(Data entries)
=== Begin Enclosure ===

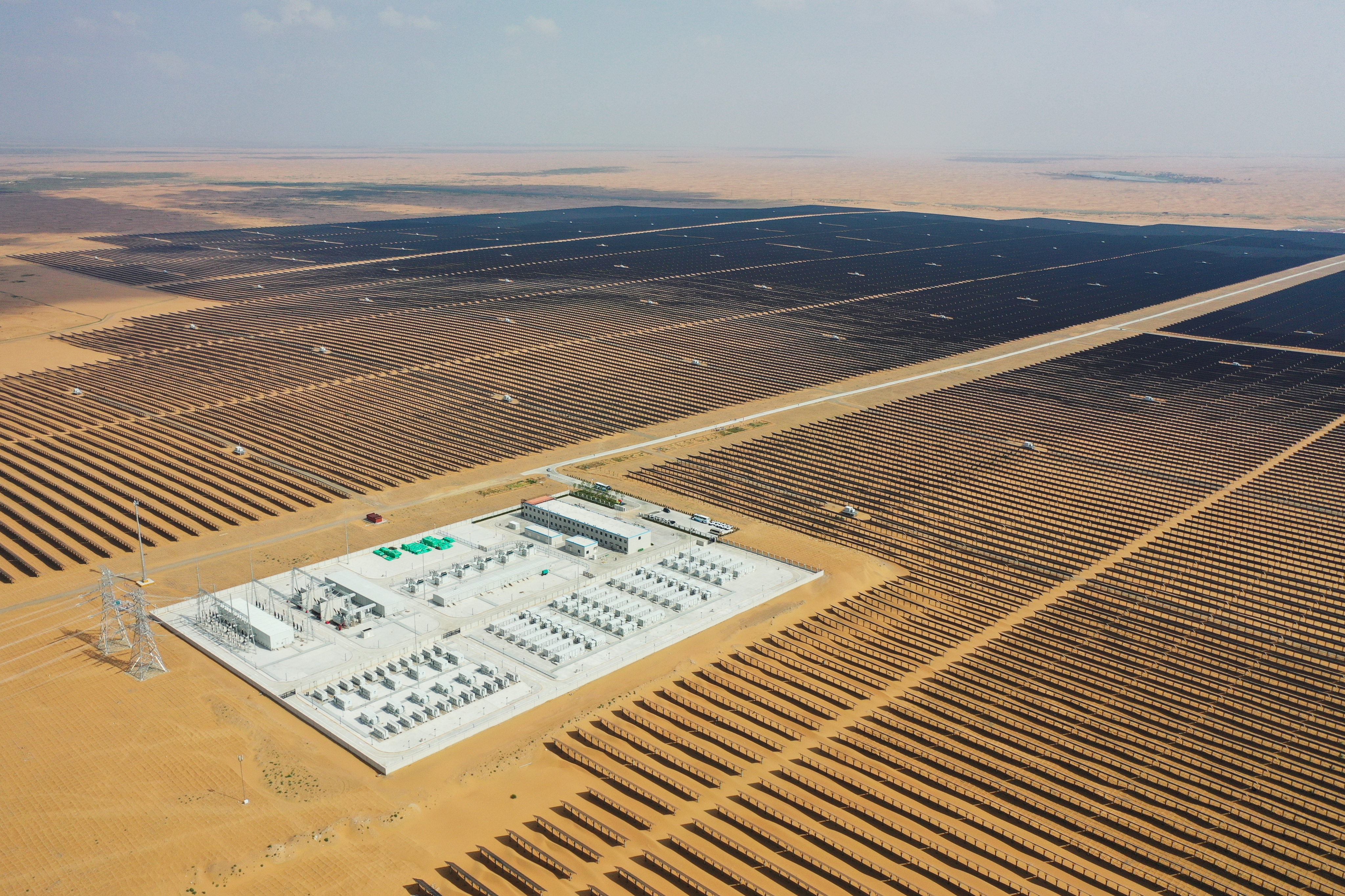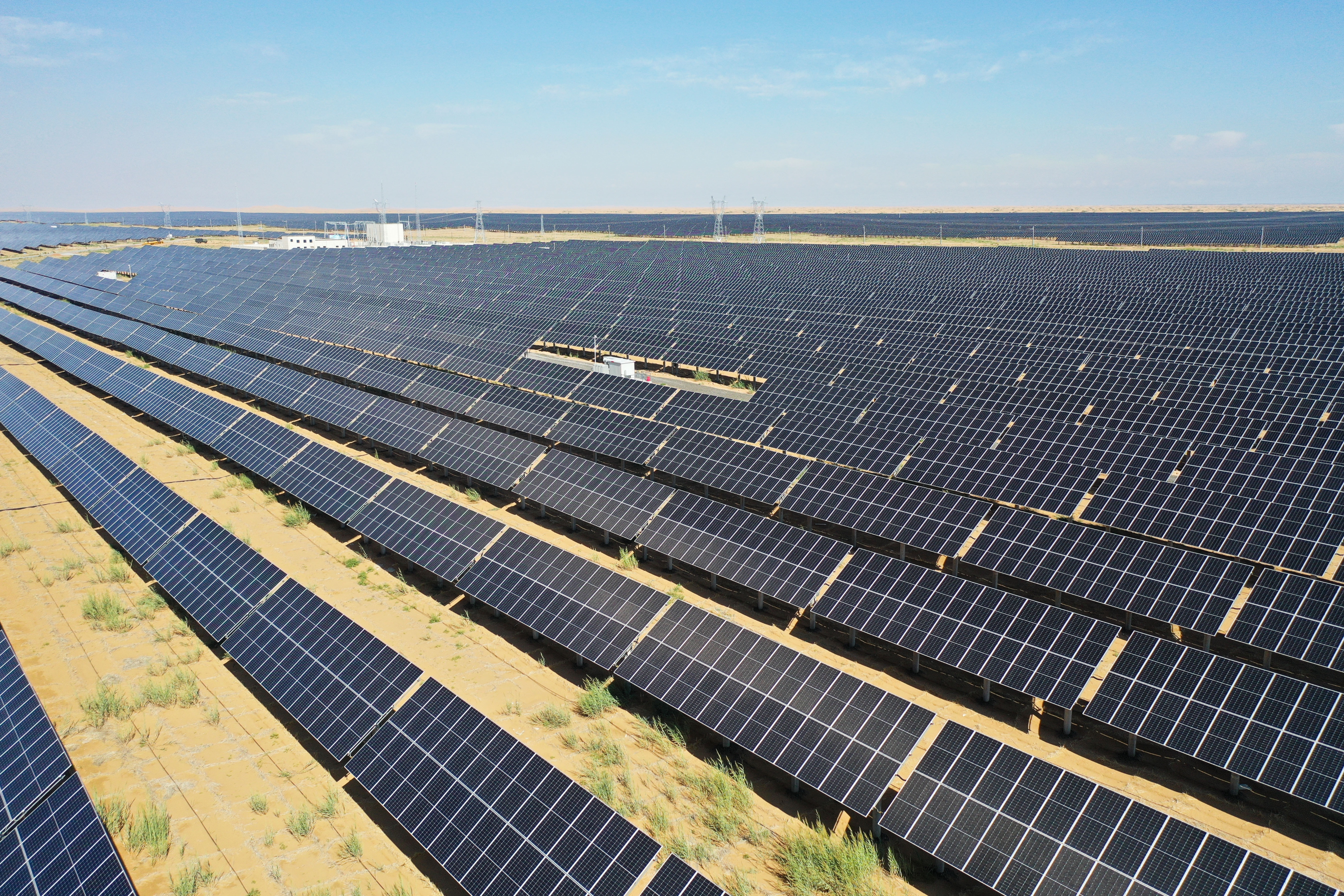 沙漠深处,一张张蓝色光伏板如波浪般向天际延伸,它们静静地吸收着炙热的阳光,将不毛之地变成巨大的“绿色电站”。
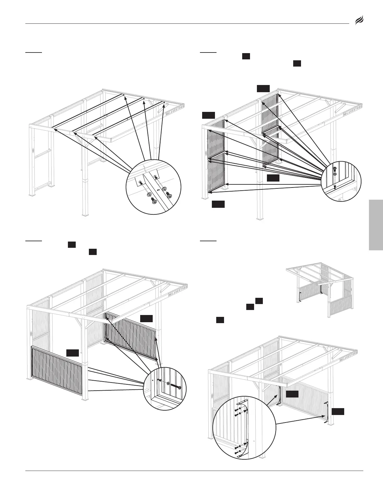 Repita con los otros tres (3) paneles laterales {J2} y conjuntos de viga trans-
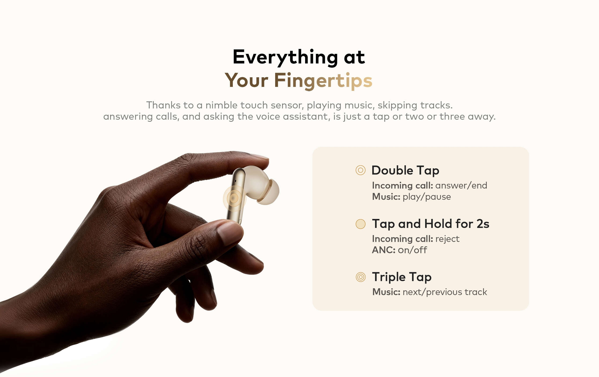 Thanks to a nimble touch sensor, playing music, skipping tracks. answering calls, and asking the voice assistant, is just a tap or two or three away.
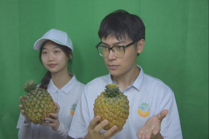 抵達果園后,在隊長的指導下,隊員們迅速進行設備的有序擺放以及直播棚的搭建。做足充分準備后,隊員們立即開啟“芒果鳳梨”專場助農直播,認真介紹芒果鳳梨的品種特點以及其營養價值。直播的順利進行,推動了特色農產品宣傳的同時,也助力了鄉村產業,拓寬了芒果鳳梨的消費渠道。
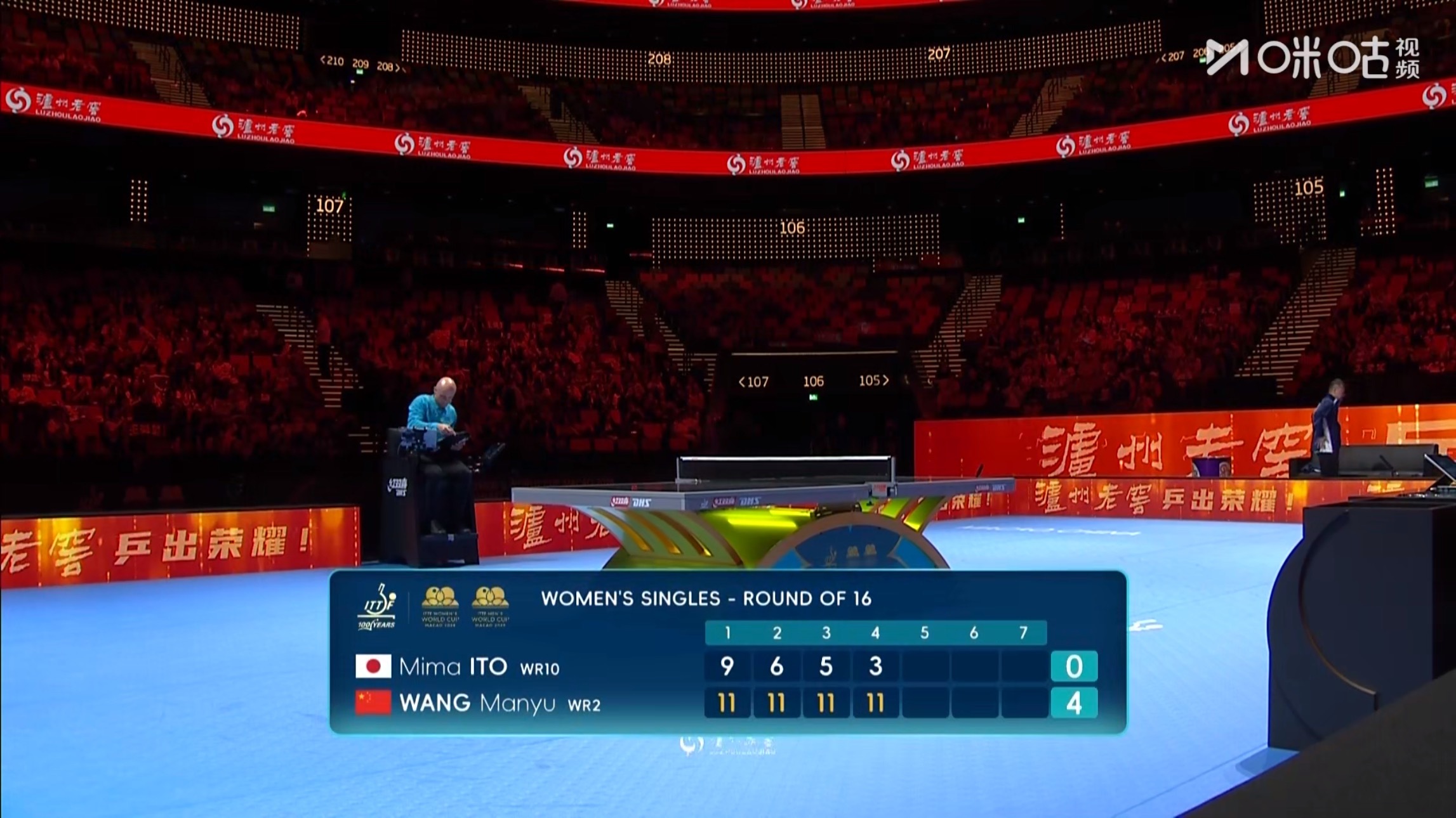 王曼昱4比0伊藤美诚 乒乓球 (11-9,11-6,11-5,11-3)晋级澳门
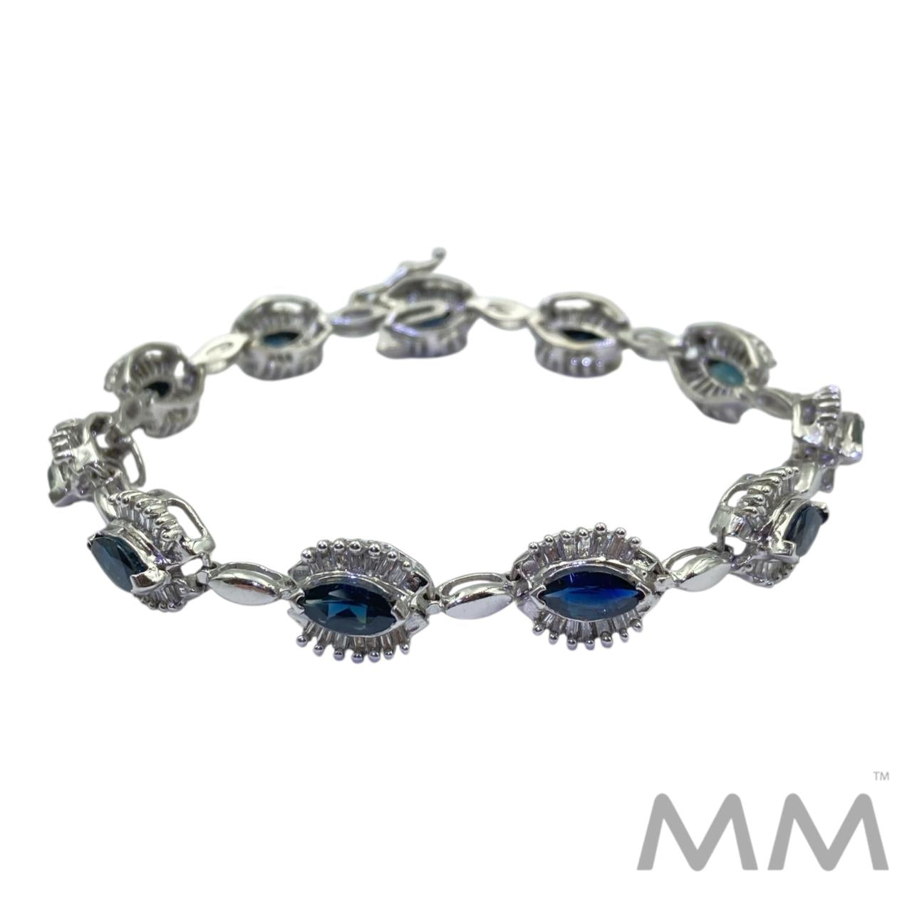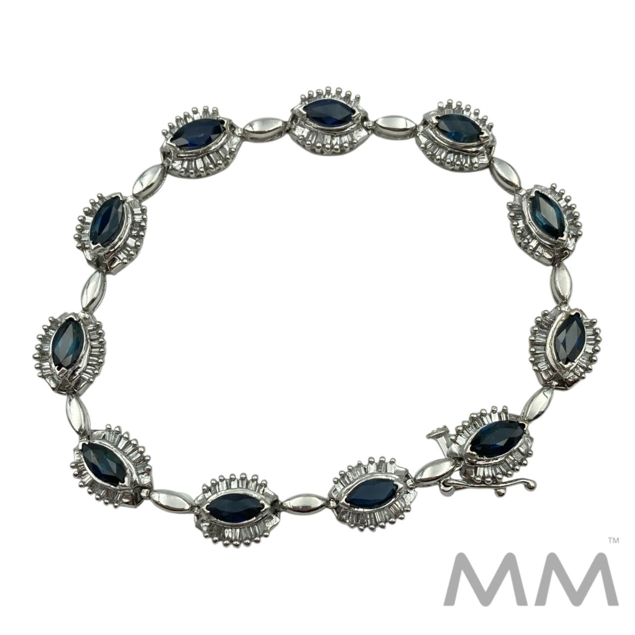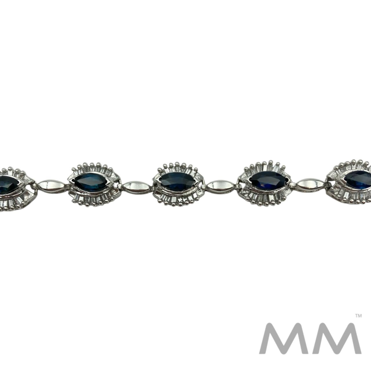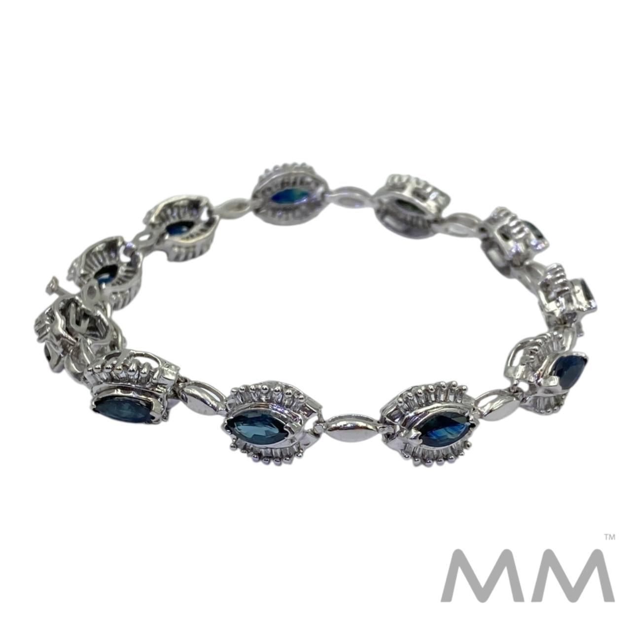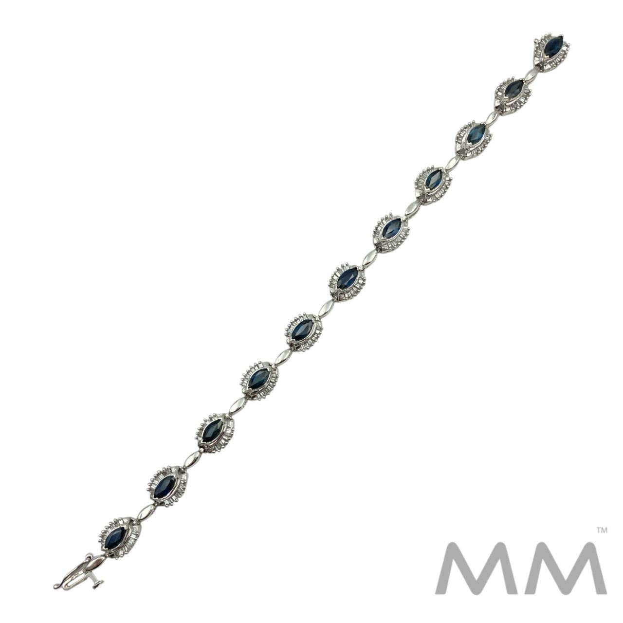 14K White Gold Sapphire & Diamond Bracelet – 6.00ctw Marquise Sapphires, 1.54ctw Baguette Diamonds, 7.25”

=== End Enclosure ===

What is required: Starting at the line that contains "抵達果園后,在隊長的指導下,隊員們迅速進" and ending with the last line of the data, transcribe every line exactly; skip the pictures.

Reply:
 抵達果園后,在隊長的指導下,隊員們迅速進行設備的有序擺放以及直播棚的搭建。做足充分準備后,隊員們立即開啟“芒果鳳梨”專場助農直播,認真介紹芒果鳳梨的品種特點以及其營養價值。直播的順利進行,推動了特色農產品宣傳的同時,也助力了鄉村產業,拓寬了芒果鳳梨的消費渠道。
 王曼昱4比0伊藤美诚 乒乓球 (11-9,11-6,11-5,11-3)晋级澳门
 14K White Gold Sapphire & Diamond Bracelet – 6.00ctw Marquise Sapphires, 1.54ctw Baguette Diamonds, 7.25”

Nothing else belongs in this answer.